Les remises en cause deviennent plus profondes au fur et à mesure que le xx° siècle avance. Les certitudes de la science s’affaiblissent lorsque les mathématiques non-euclidiennes reçoivent droit de cité et que la théorie de la relativité s’impose. La recherche scientifique avait déjà prouvé, au cours de la Première Guerre mondiale, son aptitude à multiplier la puissance destructrice de l’homme, mais la foi dans le progrès était restée très largement partagée.

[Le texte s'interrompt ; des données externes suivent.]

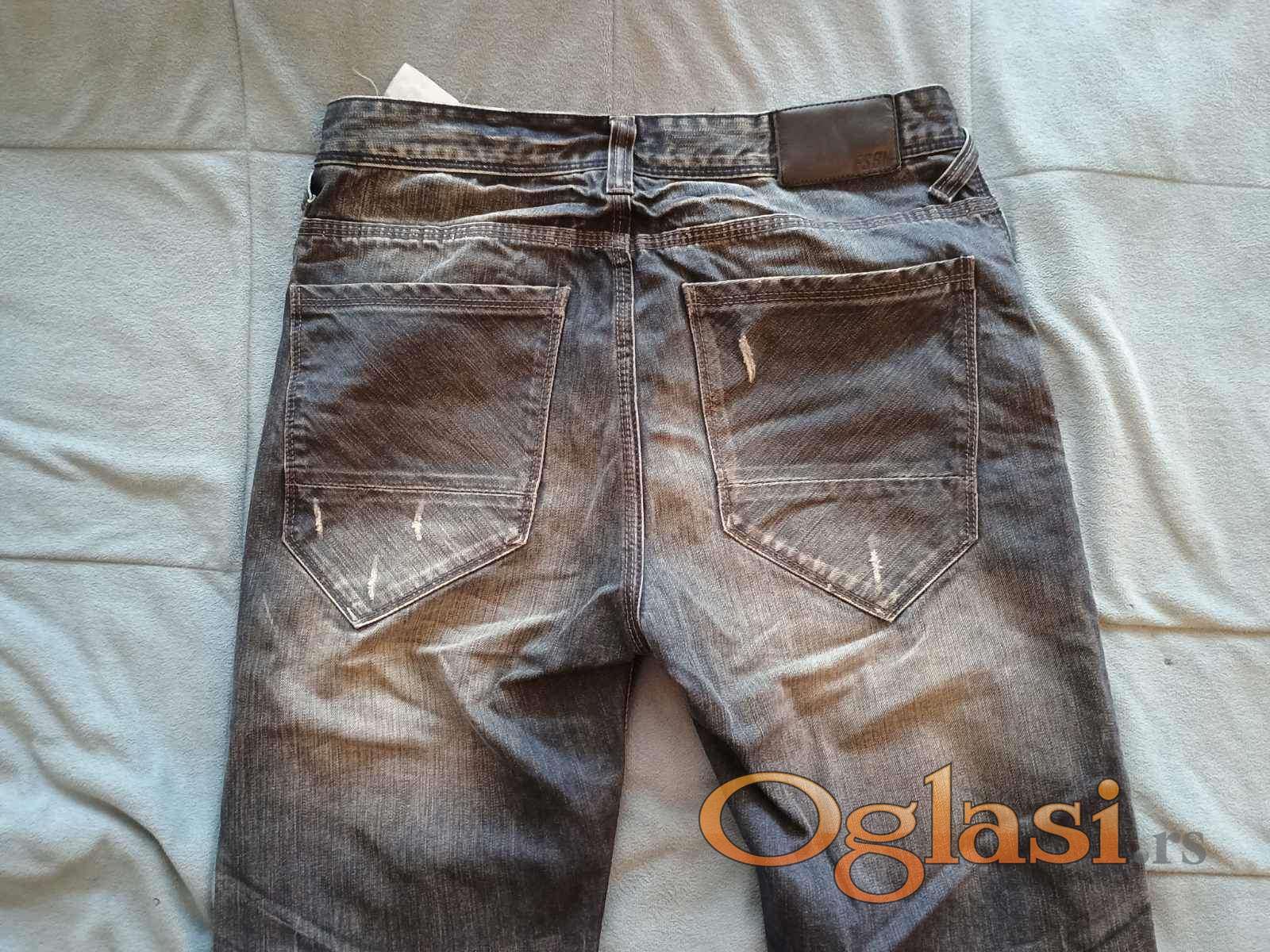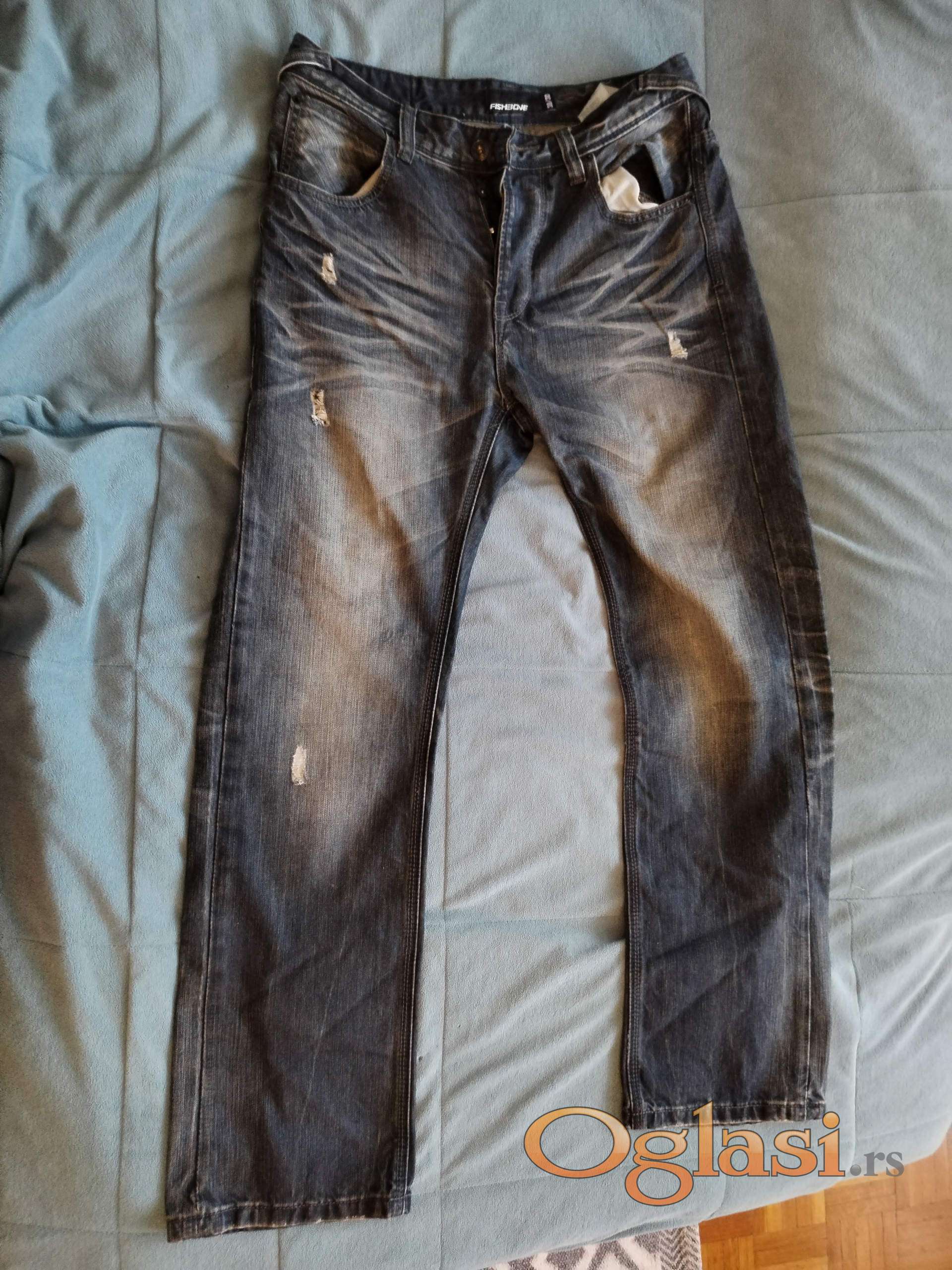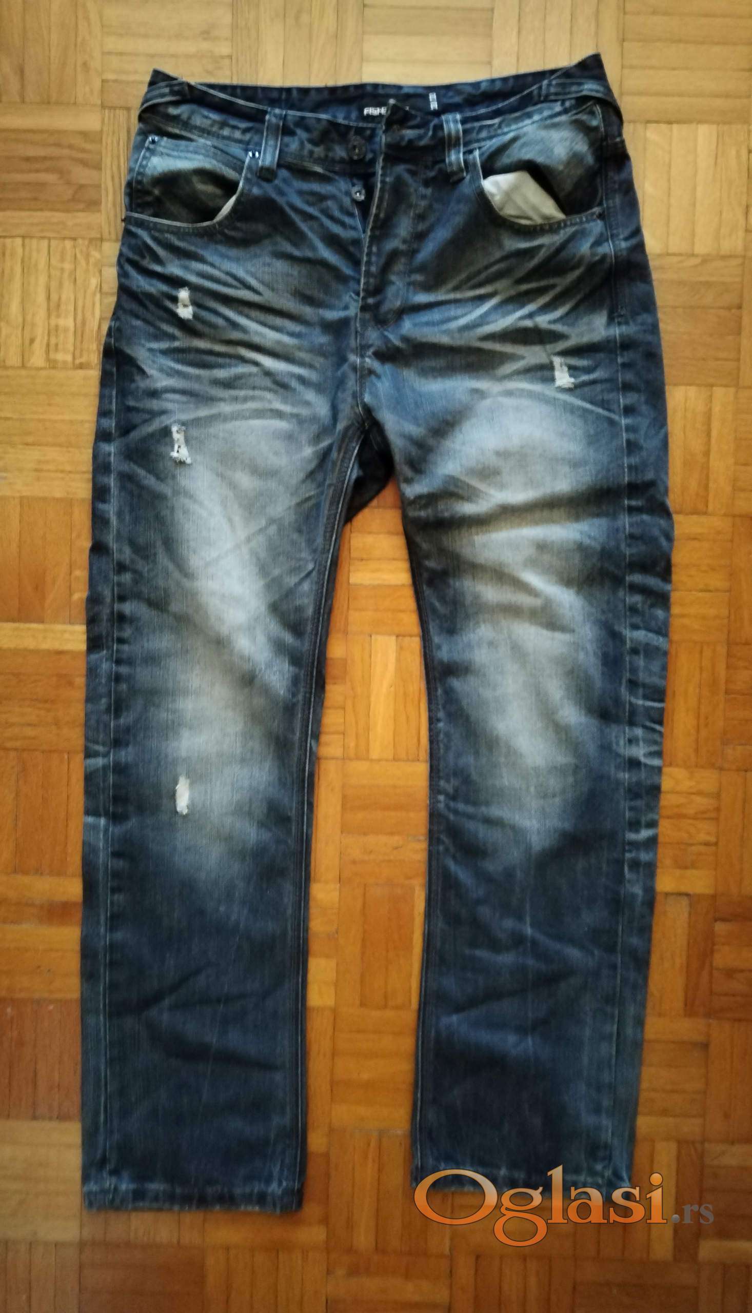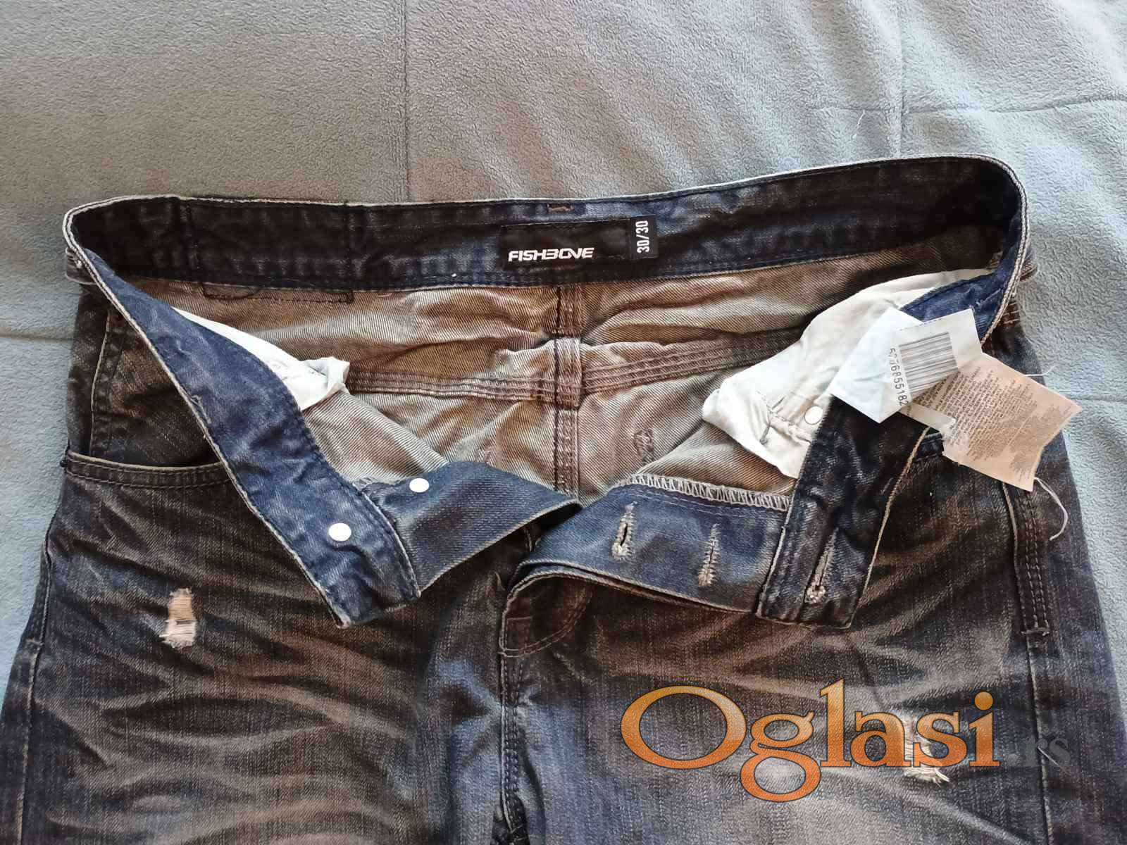 Farmerke tamno sive i plave boje, fancy i urban, sa iscepanim i izbledelim detaljima. Nošene ali vrlo dobro očuvane. Broj 30, dužina 30. Marka Fishbone.

L’Holocauste et la bombe atomique secouent profondément les consciences durant la Seconde Guerre mondiale. La modernité a engendré des régimes monstrueux et a doté les gouvernements d’une puissance de destruction sans commune mesure avec celles du passé : comment imaginer, sans le secours d’une bureaucratie zélée, l’élimination programmée de tout un peuple ? L’énergie libérée par les explosions nucléaires n’est-elle pas suffisante pour remettre en cause les équilibres écologiques ?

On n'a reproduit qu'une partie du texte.